While in the orchestra, she, and not the principal cellist, was picked by Reiner to play chamber
music with visiting soloists, such as Heifetz, Menuhin, Milstein, Szigeti, and Stern. "The young
Heifetz was a dreadful chamber player. He was a tremendous fiddler, of course, but he knew
nothing of chamber music, though he did improve over the years."
A few years ago, Eva Heinitz released a CD of gamba and cello music, called 'Authentic
Baroque Music Performed in a Non-Authentic Manner.' "I don't believe in authenticity for the
very simple reason that nobody really knows how people played 200 years ago. Bach had 35 or
so people in his chorus and a small group of instrumentalists, probably very mediocre players.

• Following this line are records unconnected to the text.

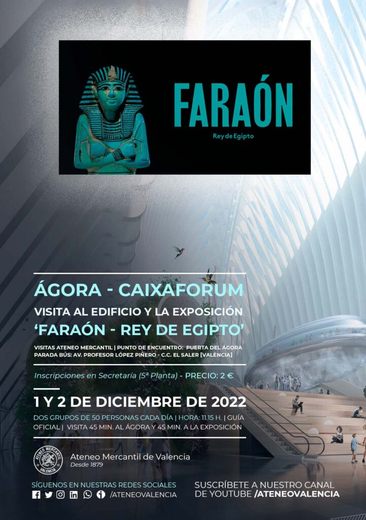 El Ateneo Mercantil de Valencia ha programado dos visitas culturales para el mes de diciembre para sus socios y socias y la primera de ellas será al Ágora de la Ciudad de las Ciencias de Valencia para ver hacer una visita guiada de 45 minutos con guías oficiales para conocer el edificio y otra visita de 45 minutos para ver la Exposición 'Faraón. Rey de Egipto'.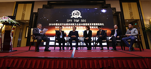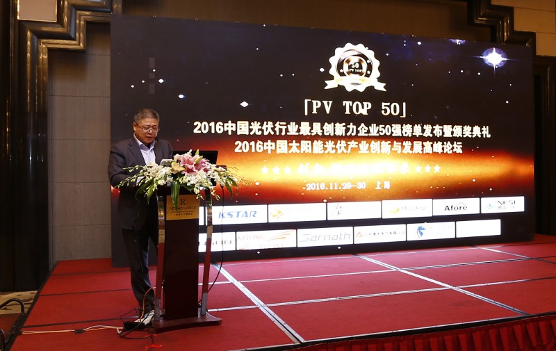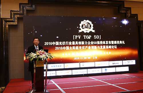 由光伏產(chǎn)業(yè)網(wǎng)主辦、中國(guó)智能光伏產(chǎn)業(yè)聯(lián)盟協(xié)辦的「PV TOP 50」2016中國(guó)光伏行業(yè)最具創(chuàng)新力企業(yè)50強(qiáng)榜單發(fā)布暨頒獎(jiǎng)典禮于2016年11月29日在上海淳大萬麗酒店隆重舉行,2016中國(guó)太陽能光伏產(chǎn)業(yè)創(chuàng)新與發(fā)展高峰論壇同期召開。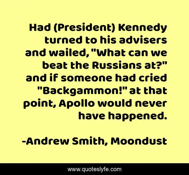 This page presents the quote "Had (President) Kennedy turned to his advisers and wailed, "What can we beat the Russians at?" and if someone had cried "Backgammon!" at that point, Apollo would never have happened.". Author of this quote is Andrew Smith, Moondust. This quote is about space-exploration, moon,.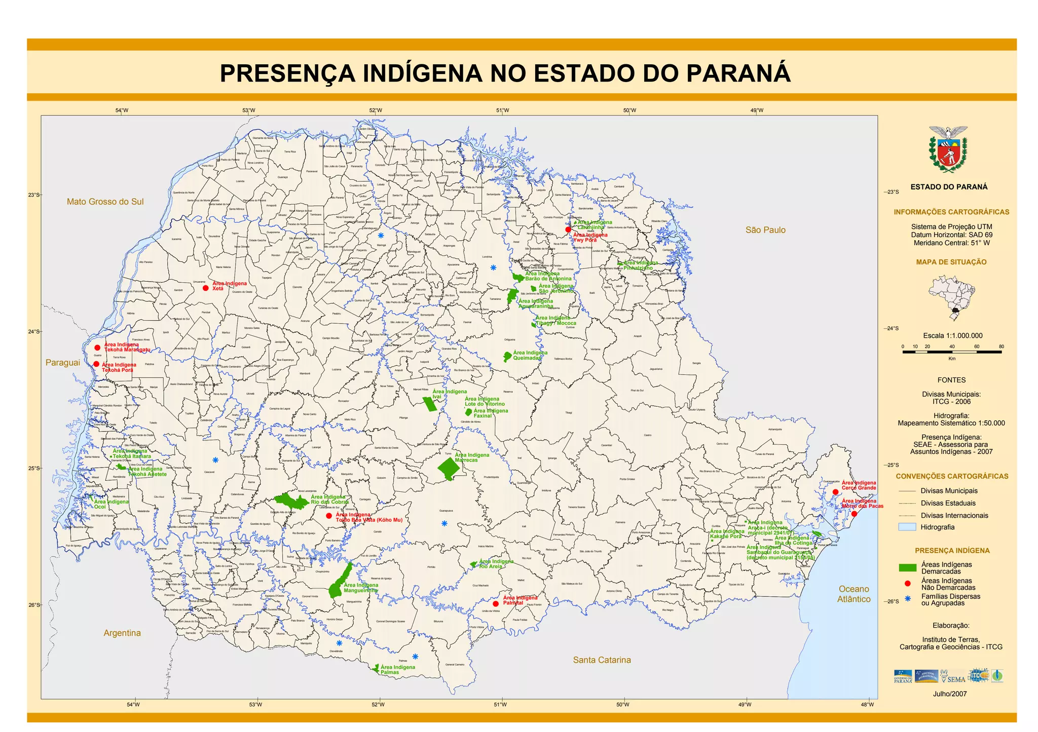 Este mapa mostra as áreas indígenas demarcadas e não demarcadas no estado do Paraná, bem como a localização de famílias indígenas dispersas. As terras indígenas estão localizadas principalmente no oeste e sudoeste do estado. O mapa fornece informações sobre a presença indígena na região e a localização das principais reservas e terras indígenas.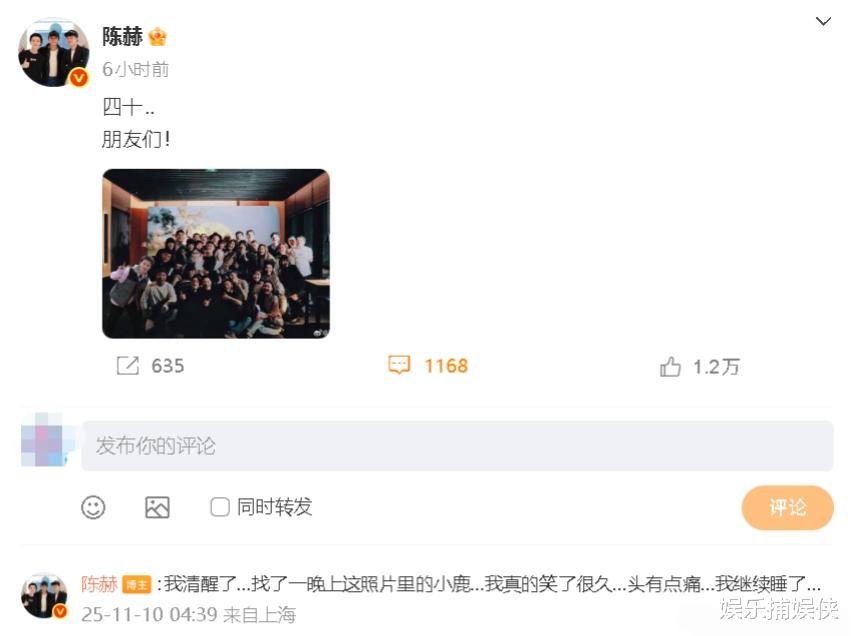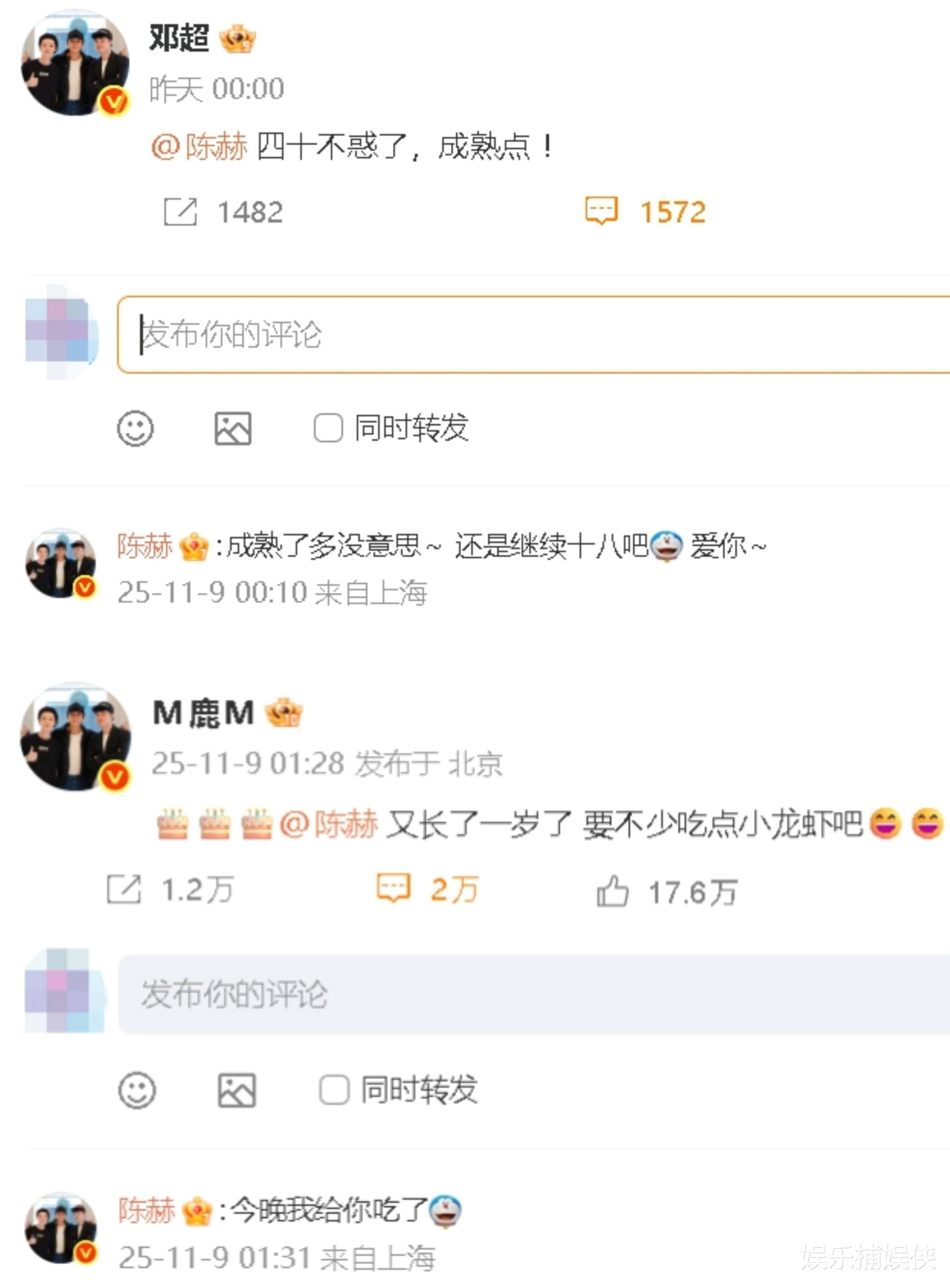 凌晨的时候,邓超和鹿晗这对“活宝兄弟”就迫不及待地发博给陈赫送祝福。邓超一本正经地说:“四十不惑了,成熟点!”仿佛在以老大哥的身份语重心长地叮嘱,可这语气里又藏不住那股子调皮劲儿。鹿晗则更逗,直接来了一句:“要不少吃点小龙虾吧😄”,这哪是祝福啊,分明是在调侃陈赫那吃货属性,毕竟陈赫对小龙虾的热爱,那可是人尽皆知,妥妥的“小龙虾狂魔”!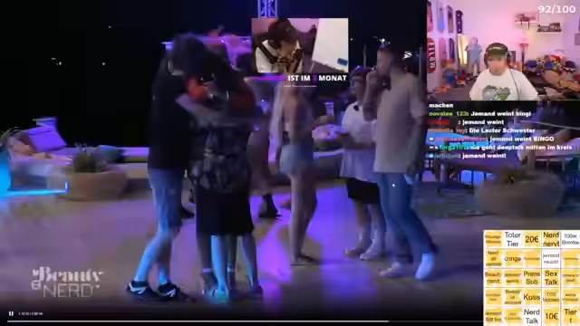 03:55:55Im Whirlpool entspinnt sich eine neue Konstellation. Der Fantasy-Nerd Aaron zeigt Interesse an Maria, was bei deren Teampartnerin Chanel zu Eifersucht führt. Gleichzeitig entwickelt sich zwischen Sebastian und seiner Partnerin Anna eine stärkere Verbindung. Der Streamer fasst zusammen, dass die Beziehungen im Haus komplex und dynamisch sind und es zu weiteren Verwicklungen kommen wird, was er in den Folgen beobachten wird.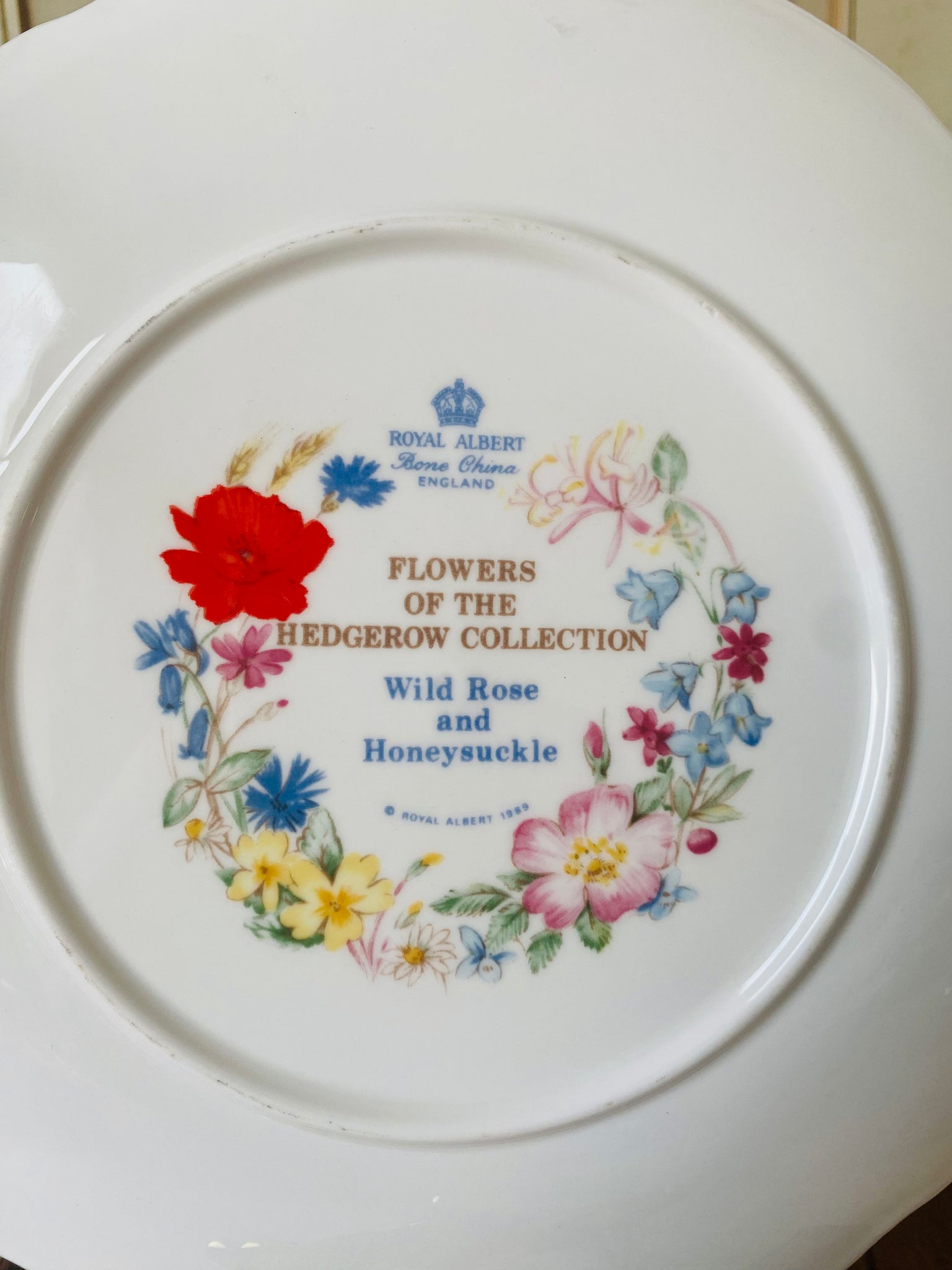 From the flowers of the hedgerow collection this plate features the wild rose and honeysuckle flowers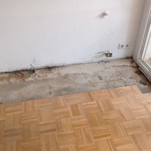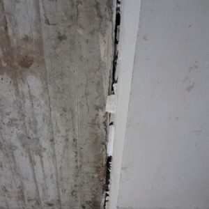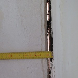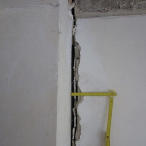 Setzungsursache: Der gesamte Gebäudeteil- Anbau senkt sich von dem Haupthaus ab. Risse wurden schon verspachtelt und geschlossen. Trockenperiode und Volumenänderung des Baugrunds könnten zu der Setzung geführt haben.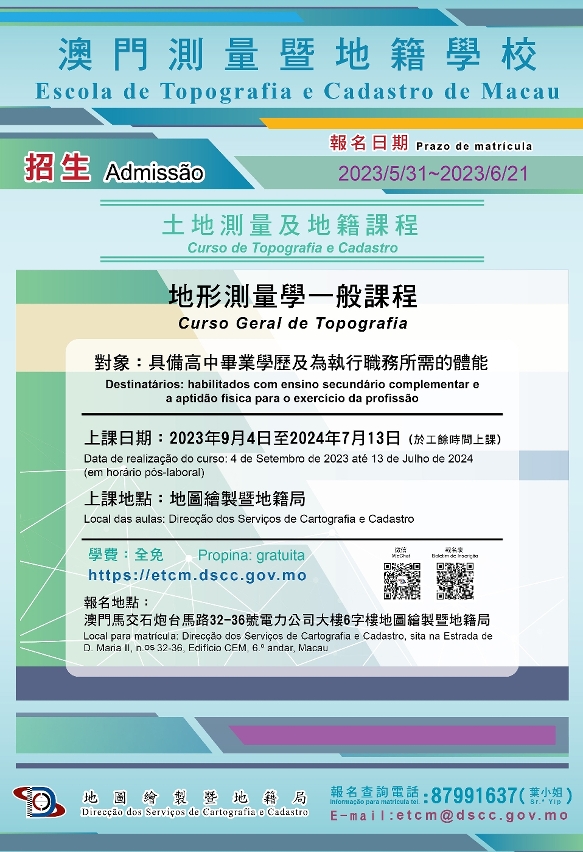“地形測量學一般課程”為分成兩個學期之一學年制課程,對象為具備高中畢業學歷的澳門居民,以中文授課,學費全免,工餘時間上課。欲報讀有關課程的人士可於2023年5月31日至6月21日辧公時間內,前往地圖繪製暨地籍局6樓提交報名表格,並附同澳門居民身份證、學歷證明文件及近照一張,報名詳情亦可瀏覽澳門測量暨地籍學校網頁(https://etcm.dscc.gov.mo/)或致電87991637(葉小姐)查詢。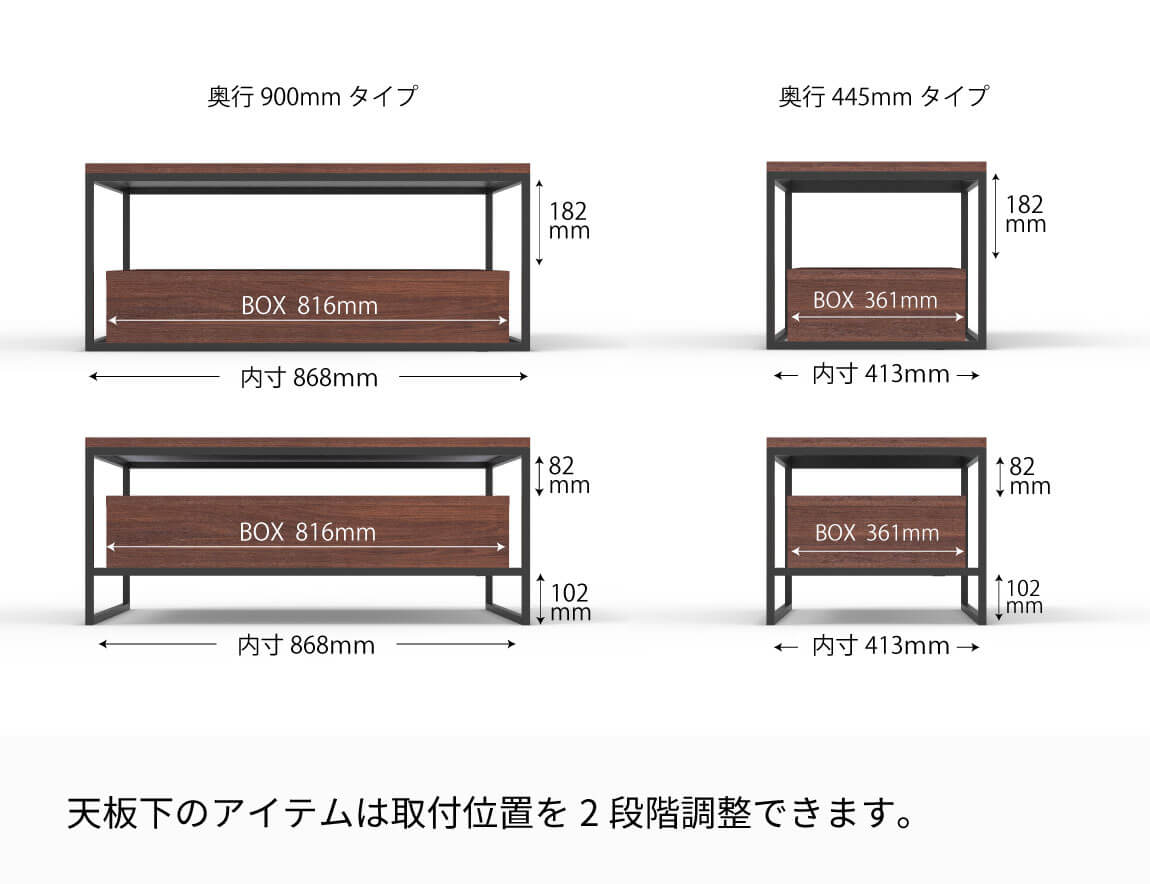 奥行90cmタイプでは、前方と後方で違うタイプの収納(引出収納・フラップ扉収納)を採用。使い勝手のいい収納BOXとなっています。

None of us would accept this today, even though it would be 'authentic.' Fortunately, I think the
militant faction of the authentic movement has simmered down."
She is considered to be an authority on Bach by many professional musicians, much to her
dismay. "Who can be an authority on Bach? I think I know something about Bach, but not
anything that a reasonably intelligent and hard-working musician couldn't figure out. Maybe my
Bach performances with Klemperer, the greatest music making I have ever experienced, have
given me a certain insight. Were these performances right or wrong? Who knows? Maybe Bach
would have fainted upon hearing the big choir and the Wagnerian alto. These times are past now,
thank god, but, unfortunately, the depth of artistry may have passed too."